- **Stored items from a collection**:
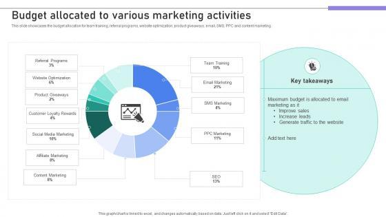 This slide showcases the budget allocation for team training, referral programs, website optimization, product giveaways, email, SMS, PPC and content marketing. Create an editable Building Stronger Customer Budget Allocated To Various Marketing Activities SA SS V that communicates your idea and engages your audience. Whether you are presenting a business or an educational presentation, pre-designed presentation templates help save time. Building Stronger Customer Budget Allocated To Various Marketing Activities SA SS V is highly customizable and very easy to edit, covering many different styles from creative to business presentations. Slidegeeks has creative team members who have crafted amazing templates. So, go and get them without any delay. This slide showcases the budget allocation for team training, referral programs, website optimization, product giveaways, email, SMS, PPC and content marketing.
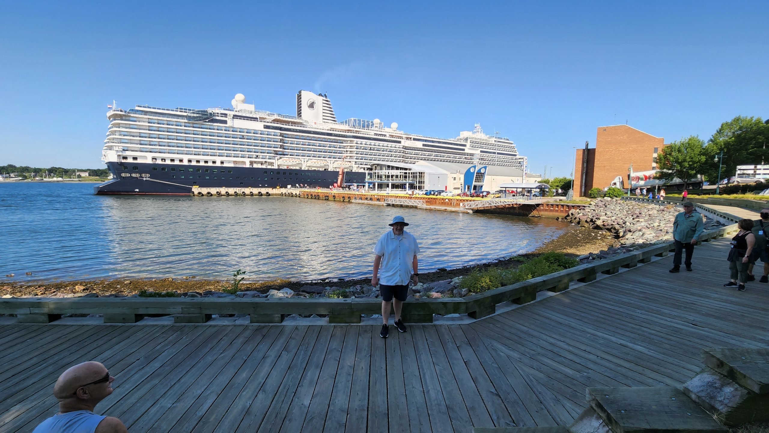 With a rich Celtic and Scottish heritage, Sydney, Nova Scotia (which means new Scotland) welcomes folks with great hospitality and is known for its wonderful musical heritage. That heritage is reflected in the giant fiddle which is right on the cruise ship dock. We enjoyed a scenic sailing into the harbor.
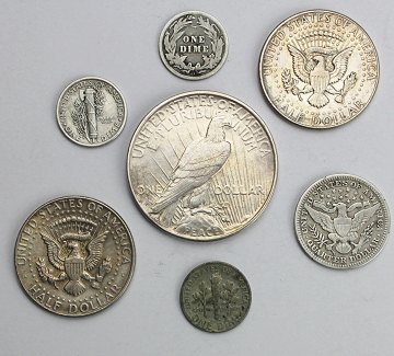 USA, lot dollar, half-dollar quarter og dime SØLV (7)
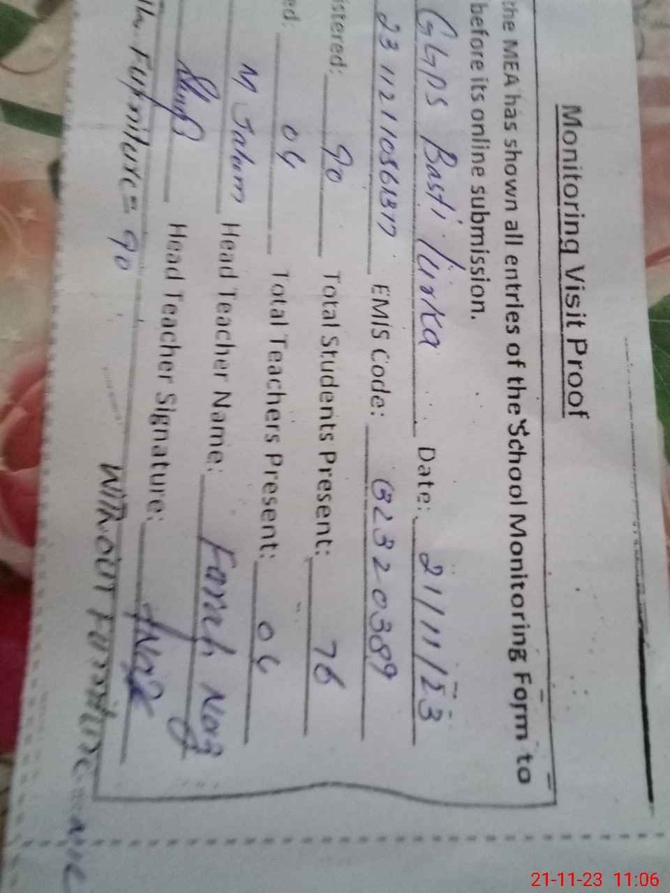 | Attendance Register | Head Teacher | MEA with School | Visit Proof |
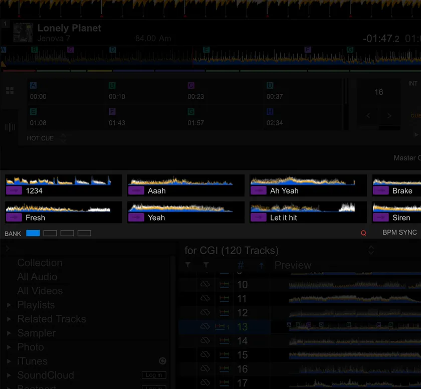 本機はサウンドカードを内蔵しており、rekordboxのDJ PERFORMANCE機能とSerato DJ Proに対応しています。有料サブスクリプションプランを契約する必要がなく、本機をどちらかのソフトウェアが起動しているPC/MacにUSBケーブルで接続するだけですぐにDJプレイを始められ、どちらのソフトウェアを選択しても、豊富な機能でクリエイティブなプレイを楽しむことができます。
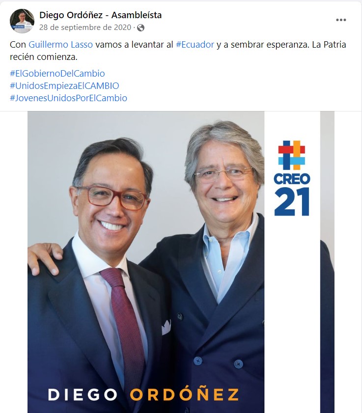 En un post del 28 de septiembre del 2020, Diego Ordoñez posaba con Guillermo Lasso bajo un diseño publicitario del Movimiento CREO 21, hacía alusión que levantarían el país, una publicación que era con un año de anticipación a las elecciones presidenciales del 2021.
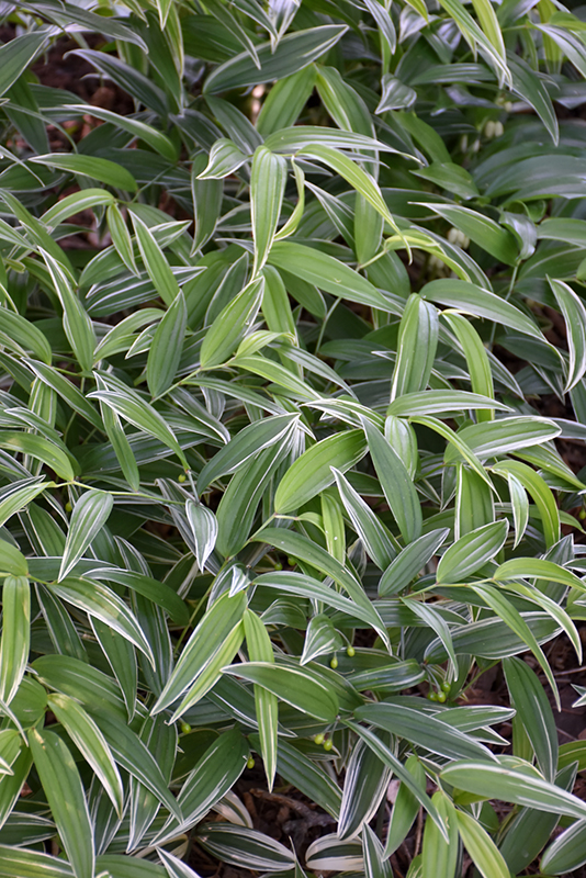 Variegated Japanese Fairy Bells features showy white bell-shaped flowers dangling from the stems from early to mid spring. Its narrow leaves remain green in colour with showy creamy white variegation throughout the season. It produces black berries in late summer.
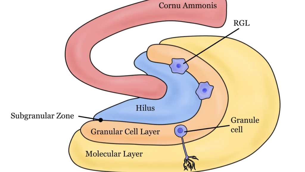 Adult hippocampal neurogenesis occurs in the dentate gyrus of the hippocampus. Even though this is simply referred to as “Hippocampal Neurogenesis”, it is important to note that this occurs only in the dentate gyrus, and not the other subdivisions of the hippocampus. It also generates only one type of neuron, which is the granule cell. Granule cells are relatively small neurons, with small cell bodies. Each one contains about 3-4 short dendrites, and each dendrite contains a claw-like structure at its end. Each granule cell also contains one narrow axon, and in the hippocampus, this axon is glutamatergic. This means that the neurotransmitter glutamate, the primary excitatory neurotransmitter of the nervous system, is stored in its synaptic vesicles and released into neighboring neurons. Granule cells in the dentate gyrus receive excitatory input from the entorhinal cortex, a region of the brain which functions a network of a person’s long-term, short-term, and spatial memories, as well as their perception of time. They send excitatory output to the CA3 region of the hippocampus, a large circuit that stores episodic memories and spatial representations.
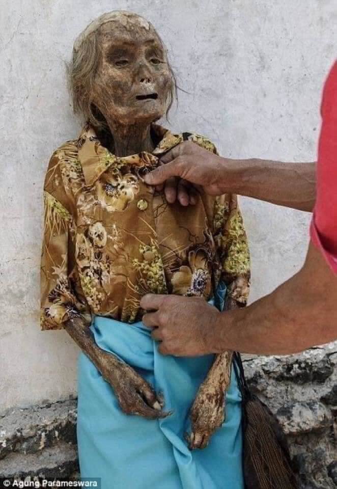طقس غريب يقوم به أهل قرية توراجا، إندونيسيا، حيث يستخرجون جثث موتاهم من قبورها ويقومون بغسلها وتزيينها وإلباسها ملابس جديدة، يصنعون لها توابيت جديدة ويطوفون بها أنحاء القرية في خط مستقيم.
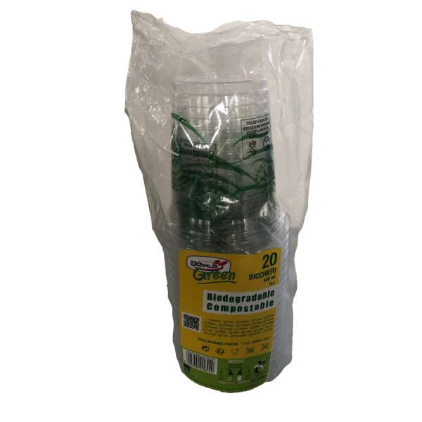 Bicchieri in PLA (acido polilattico). Colore trasparente. Adatto bevande fredde.
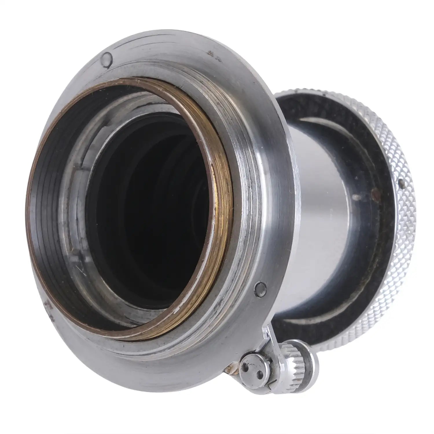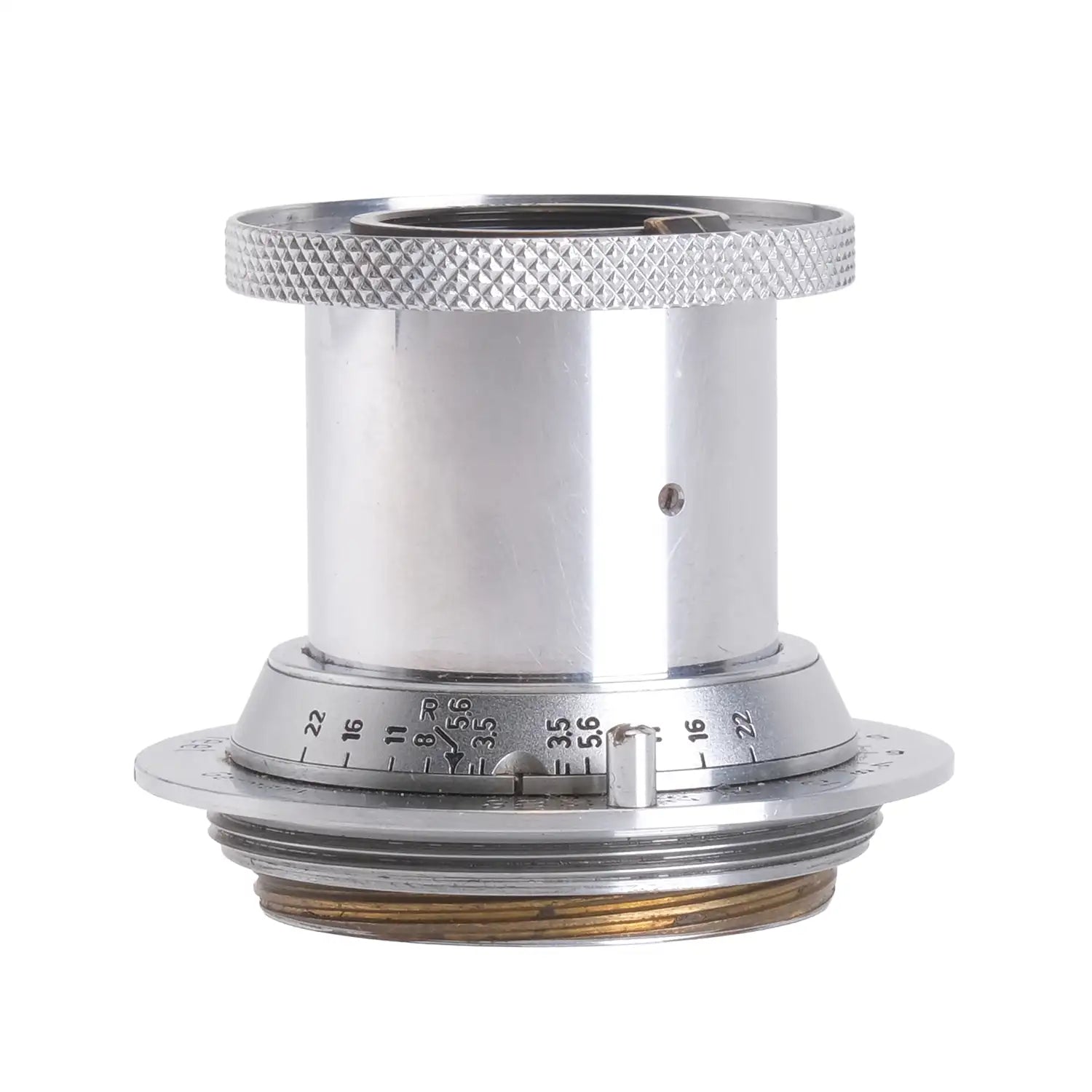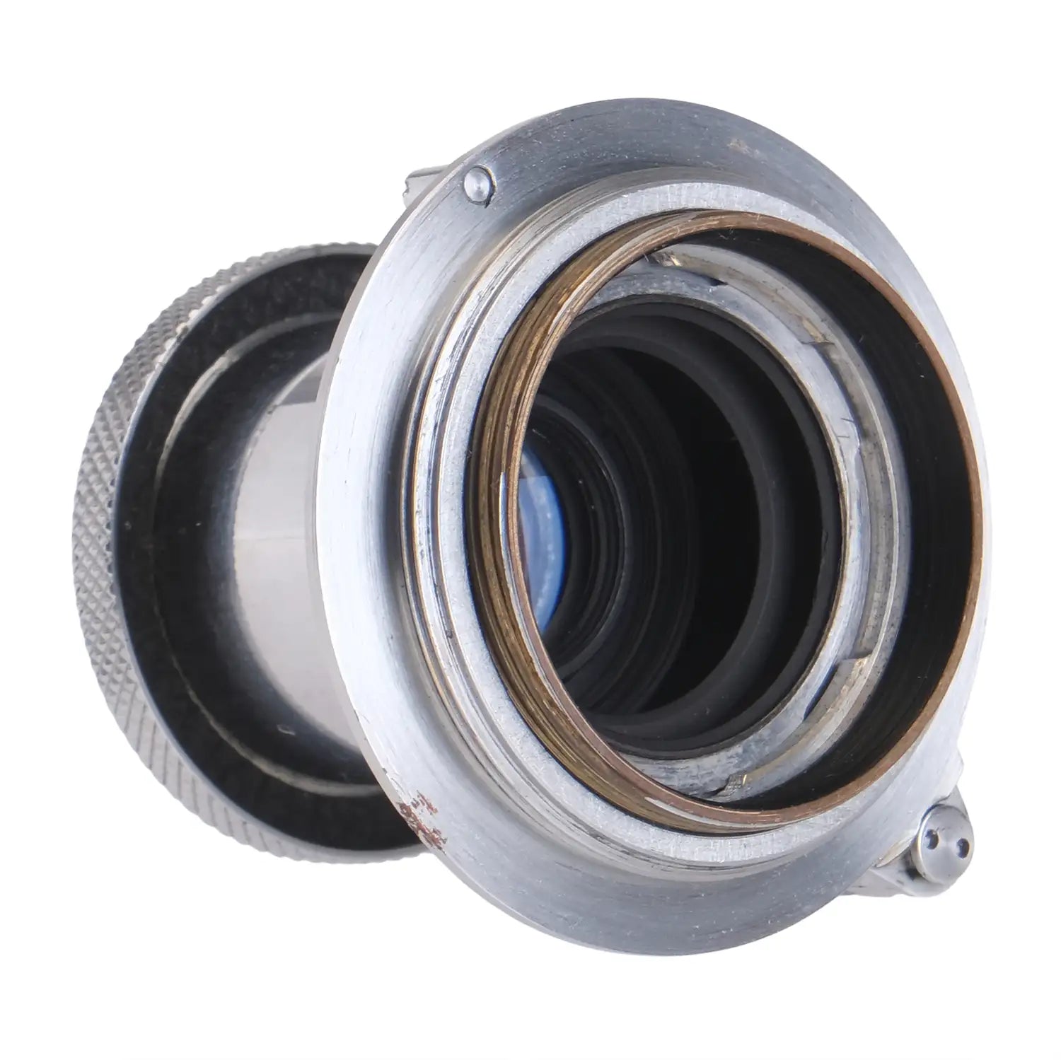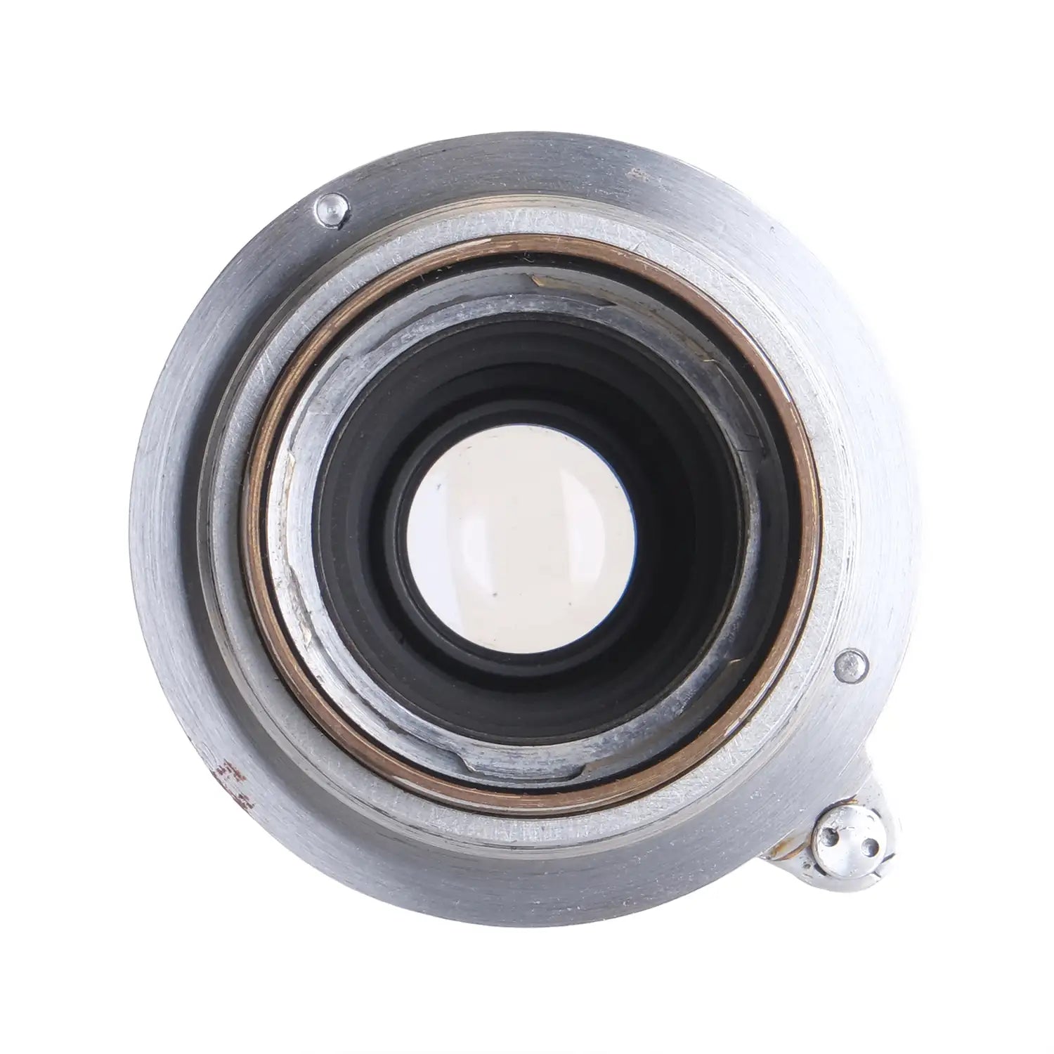 This Leica 5cm f3.5 Elmar SM Lens #749936, is in very good cosmetic condition with minor signs of handling wear found throughout, please see photos for visual reference. Cosmetically, this lens has been rated at a (9) condition. This lens is in proper working order; the aperture tab and focus turn smoothly, and the glass has faint haze which should not affect image quality. There are no signs of fungus or marks present. This lens comes with a front can rear cap only. This lens is ready for use!
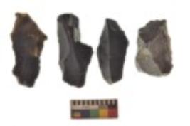 | Description / विवरण | There are n 4 utilized flake cores. There are multi directional irregular scar pattern on both dorsal and ventral face of the flake cores. Two are tapering at one end and two have sharp edges. |
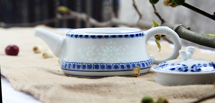 景德镇陶瓷 国瓷红叶 8头手绘茶具青花兰花

- **What you are asked to do**:
Could you write out all the records exactly, without the pictures?

- **Solution to the exercise**:
 This slide showcases the budget allocation for team training, referral programs, website optimization, product giveaways, email, SMS, PPC and content marketing. Create an editable Building Stronger Customer Budget Allocated To Various Marketing Activities SA SS V that communicates your idea and engages your audience. Whether you are presenting a business or an educational presentation, pre-designed presentation templates help save time. Building Stronger Customer Budget Allocated To Various Marketing Activities SA SS V is highly customizable and very easy to edit, covering many different styles from creative to business presentations. Slidegeeks has creative team members who have crafted amazing templates. So, go and get them without any delay. This slide showcases the budget allocation for team training, referral programs, website optimization, product giveaways, email, SMS, PPC and content marketing.
 With a rich Celtic and Scottish heritage, Sydney, Nova Scotia (which means new Scotland) welcomes folks with great hospitality and is known for its wonderful musical heritage. That heritage is reflected in the giant fiddle which is right on the cruise ship dock. We enjoyed a scenic sailing into the harbor.
 USA, lot dollar, half-dollar quarter og dime SØLV (7)
 | Attendance Register | Head Teacher | MEA with School | Visit Proof |
 本機はサウンドカードを内蔵しており、rekordboxのDJ PERFORMANCE機能とSerato DJ Proに対応しています。有料サブスクリプションプランを契約する必要がなく、本機をどちらかのソフトウェアが起動しているPC/MacにUSBケーブルで接続するだけですぐにDJプレイを始められ、どちらのソフトウェアを選択しても、豊富な機能でクリエイティブなプレイを楽しむことができます。
 En un post del 28 de septiembre del 2020, Diego Ordoñez posaba con Guillermo Lasso bajo un diseño publicitario del Movimiento CREO 21, hacía alusión que levantarían el país, una publicación que era con un año de anticipación a las elecciones presidenciales del 2021.
 Variegated Japanese Fairy Bells features showy white bell-shaped flowers dangling from the stems from early to mid spring. Its narrow leaves remain green in colour with showy creamy white variegation throughout the season. It produces black berries in late summer.
 Adult hippocampal neurogenesis occurs in the dentate gyrus of the hippocampus. Even though this is simply referred to as “Hippocampal Neurogenesis”, it is important to note that this occurs only in the dentate gyrus, and not the other subdivisions of the hippocampus. It also generates only one type of neuron, which is the granule cell. Granule cells are relatively small neurons, with small cell bodies. Each one contains about 3-4 short dendrites, and each dendrite contains a claw-like structure at its end. Each granule cell also contains one narrow axon, and in the hippocampus, this axon is glutamatergic. This means that the neurotransmitter glutamate, the primary excitatory neurotransmitter of the nervous system, is stored in its synaptic vesicles and released into neighboring neurons. Granule cells in the dentate gyrus receive excitatory input from the entorhinal cortex, a region of the brain which functions a network of a person’s long-term, short-term, and spatial memories, as well as their perception of time. They send excitatory output to the CA3 region of the hippocampus, a large circuit that stores episodic memories and spatial representations.
طقس غريب يقوم به أهل قرية توراجا، إندونيسيا، حيث يستخرجون جثث موتاهم من قبورها ويقومون بغسلها وتزيينها وإلباسها ملابس جديدة، يصنعون لها توابيت جديدة ويطوفون بها أنحاء القرية في خط مستقيم.
 Bicchieri in PLA (acido polilattico). Colore trasparente. Adatto bevande fredde.
 This Leica 5cm f3.5 Elmar SM Lens #749936, is in very good cosmetic condition with minor signs of handling wear found throughout, please see photos for visual reference. Cosmetically, this lens has been rated at a (9) condition. This lens is in proper working order; the aperture tab and focus turn smoothly, and the glass has faint haze which should not affect image quality. There are no signs of fungus or marks present. This lens comes with a front can rear cap only. This lens is ready for use!
 | Description / विवरण | There are n 4 utilized flake cores. There are multi directional irregular scar pattern on both dorsal and ventral face of the flake cores. Two are tapering at one end and two have sharp edges. |
 景德镇陶瓷 国瓷红叶 8头手绘茶具青花兰花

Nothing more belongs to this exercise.